Britain’s first Gay Pride march, 1972

In the run up to this year’s Pride London, The Observer’s Campaigner of the Year, Peter Tatchell, recalls Britain’s first march back in 1972.

By Peter Tatchell

Boyz magazine – London – 18 June 2009

http://www.boyz.co.uk/onlineViewer/929/onlineviewer.php

Back in 1972, I was 20, with long curly hair, and living in Shepherd’s Bush with my 17-year old boyfriend, Peter Smith. I was student. He was a budding jazz guitarist. We smoked dope and tripped on acid. There was no HIV. The tube cost 10p. David Bowie was the latest pop sensation. Life was a party, up to a point.

In those days, queers were not free. We had to fight for our rights. I was a member of the Gay Liberation Front (GLF) – the first movement of openly lesbian, gay, bisexual and transgender (LGBT) people. We did not plead for law reform. We demanded queer freedom.

GLF had a slogan: “Gay is good.” These three words were a revolution in consciousness. Previously, nearly everyone – including lots of LGBTs – saw gays as mad, sad and very, very bad.

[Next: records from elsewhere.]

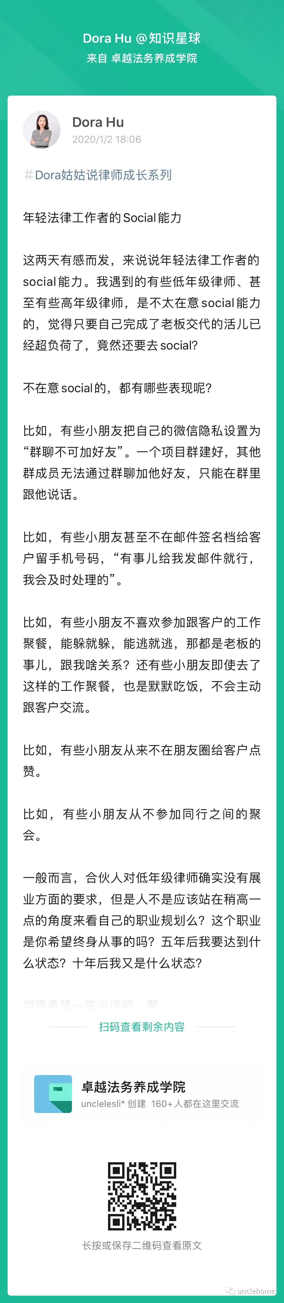 考虑到确实有部分在企业工作的法务朋友有这方面的需求,或者只是单纯想交流法务职务经验、管理经验等,同时考虑到目前跨境并购实务圈的价格对于企业法务还是有一定的门槛(目前1000+/年,根据规则每超100人后还会有所提高),Uncle建了一个【卓越法务养成学院】,欢迎企业法务的朋友们加入,一起交流解答关于法务人士在职业、管理、企业合规管理等范畴内的问题。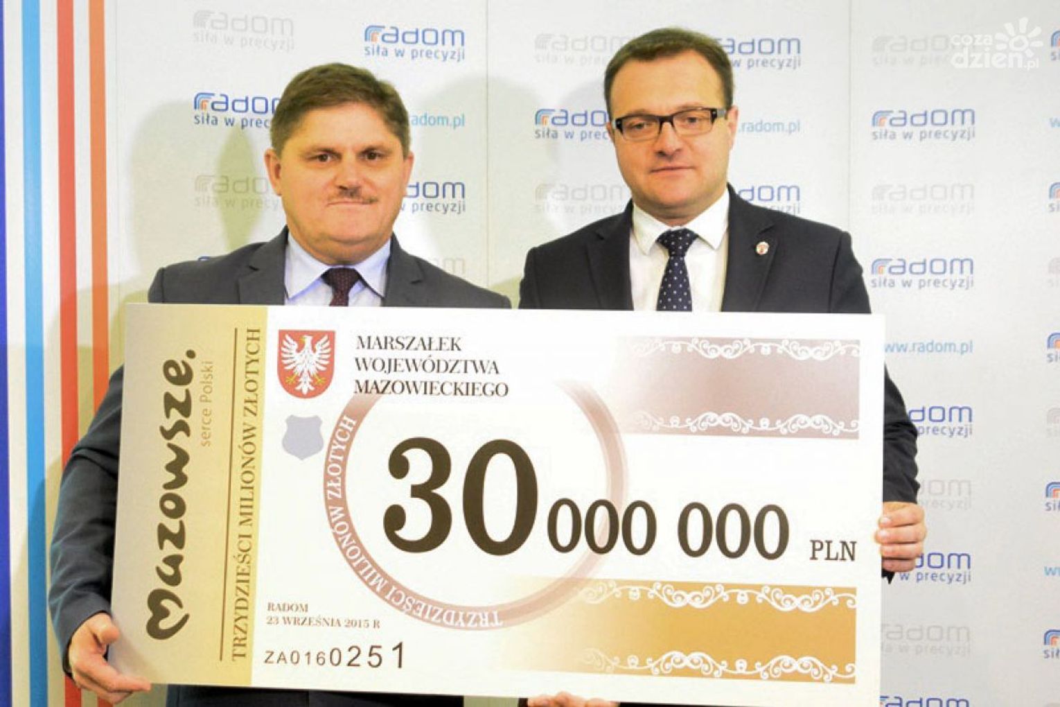 W piątek, 25 września podczas konferencji symboliczny banknot o wartości 30 mln złotych na ręce prezydenta Radosława Witkowskiego złożył Leszek Ruszczyk, wicemarszałek województwa mazowieckiego. - To jest symbol, ale aneks, który podpiszemy skieruje do Radomia 30 mln w ramach dofinansowania do obwodnicy południowej i jest to zwiększenie udziału środków unijnych. Gratuluję i wierzę, że pieniądze zostaną skutecznie wykorzystane – powiedział wicemarszałek.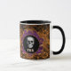 Cette tasse à café Halloween éffrayante mais élégante présente un crâne effrayant, encerclé en noir et entouré d'un cadre violet et orange, de chaque côté de la tasse. Vos initiales apparaissent ci-dessous dans la typographie d'inspiration grunge. Des roses damassés, feuille et noirs en dentelle ornent l'arrière - plan. Le look est soigné mais frappe définitivement une ambiance gothique ou haloween. Cette tasse est présentée dans une option pour une poignée noire et l'intérieur, mais d'autres couleurs comme l'orange sont disponibles, ainsi que d'autres options de buvette.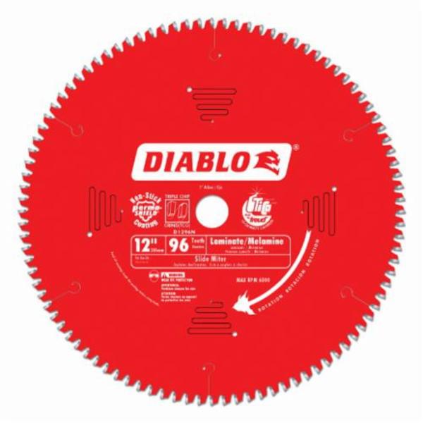 Diablo® Circular Saw Blade, 12 in Dia, 0.071 in Thickness, 1 in Arbor, TCG Teeth, 96 Teeth, 7000 rpm Maximum, 4 in Cutting Depth, 0.091 in Kerf, Carbide Cutting Edge, Applicable Materials: Brass, Aluminum, Copper, Plastic, Laminate Flooring, Melamine and Wood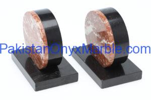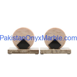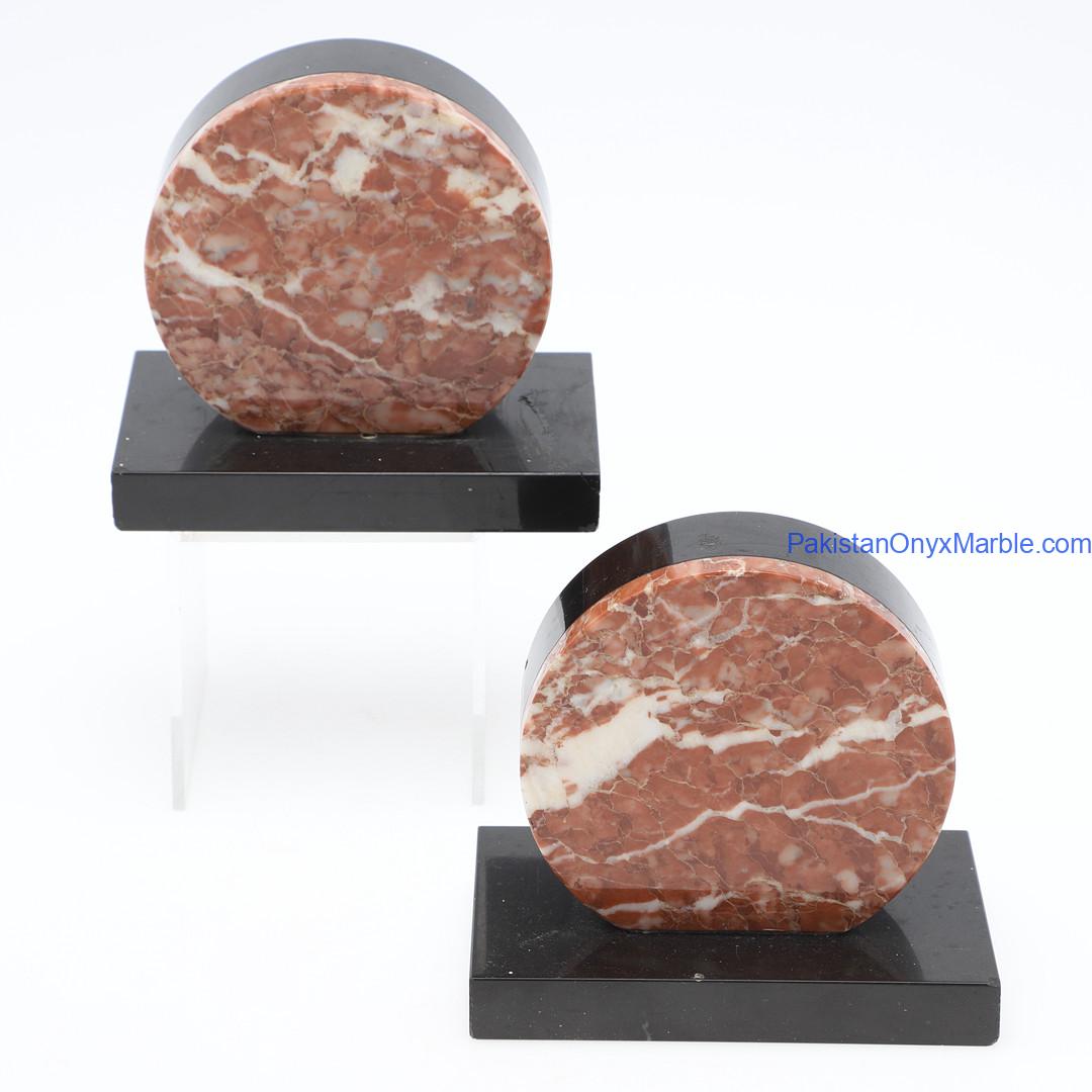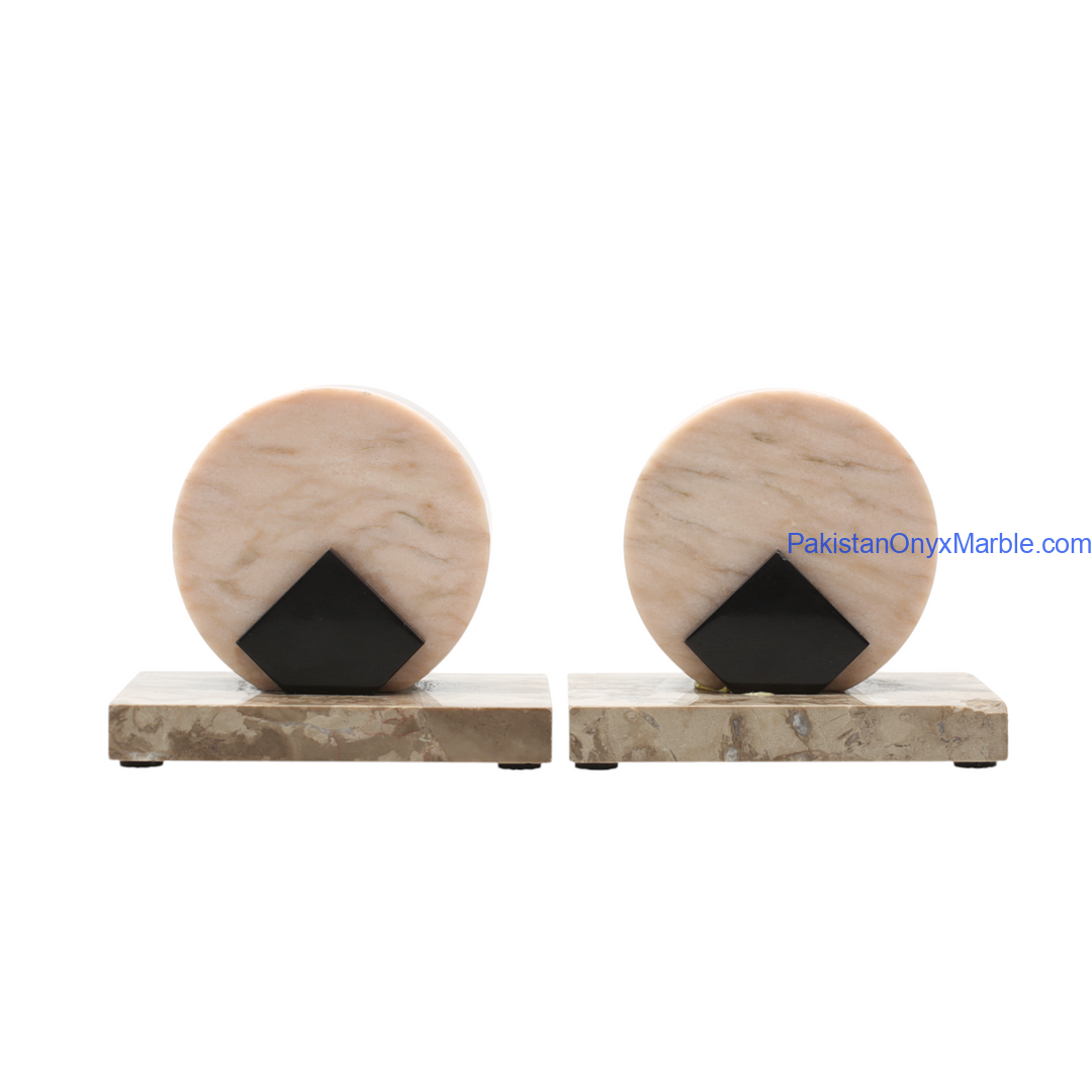 Marble Bookends Art Deco Bi Tri Marble Round Design

To combat the invisibility and denigration of queer people, GLF decided to organise a Gay Pride march, with the theme of being out and proud. This was a very radical idea. In those days, nearly all LGBT people were closeted and many felt ashamed of their sexuality.

Not surprisingly, only 700 people joined the first ever Gay Pride march in Britain, held in London on 1 July 1972. Many of my friends were too scared to march. They thought everyone would be arrested. We weren’t arrested, but we were swamped by a very heavy, aggressive police presence. They treated us like criminals.

Despite this intimidation, we were determined to have a fun time and make our point. The march was a carnival-style parade, which went from Trafalgar Square to Hyde Park. There were lots of extravagant costumes and cheeky banners poking fun at homophobes like the morality campaigner Mary Whitehouse.

We got mixed reactions from the public – some hostility but predominantly curiosity and bewilderment. Most had never knowingly seen a gay person, let alone hundreds of queers marching to demand human rights. “Aren’t you ashamed?”, one man shouted. “No”, we shouted back, as we blew him a kiss.

Unlike nowadays, there was no festival or entertainment in the park after the march – just an impromptu “Gay Day” – a sort of D-I-Y queer picnic. Everyone bought food, booze, dope and music. It was all shared around.

We played camped-up versions of party games like spin-the-bottle and drop-the-hanky. I won one of the games and my prize was a long, deep snog with Thierry, a gorgeous French gay activist who had come over from Paris.

But it was more than good fun. Same-sex kissing in public was, in 1972, illegal. Our party game was a gesture of defiance. The cowardly Metropolitan Police would have arrested us if we were lone gay couples kissing, but they dared not arrest 700 of us.

In the last four decades Gay Pride has grown from one march with less than a thousand people to two dozen nation-wide parades with a combined attendance of over 250,000.

The increased acceptance of LGBT people is another big change. In 1972, homosexuality was still viewed as an illness, lesbian mothers had their kids taken off them, and the police were arresting thousands of men for consenting gay behaviour.

There are still injustices to overcome, such as homophobic bullying in schools and the bans on same-sex marriage and gay blood donors. So, celebrate and enjoy Pride London on 4 July, but also keep fighting to overturn these last vestiges of homophobia.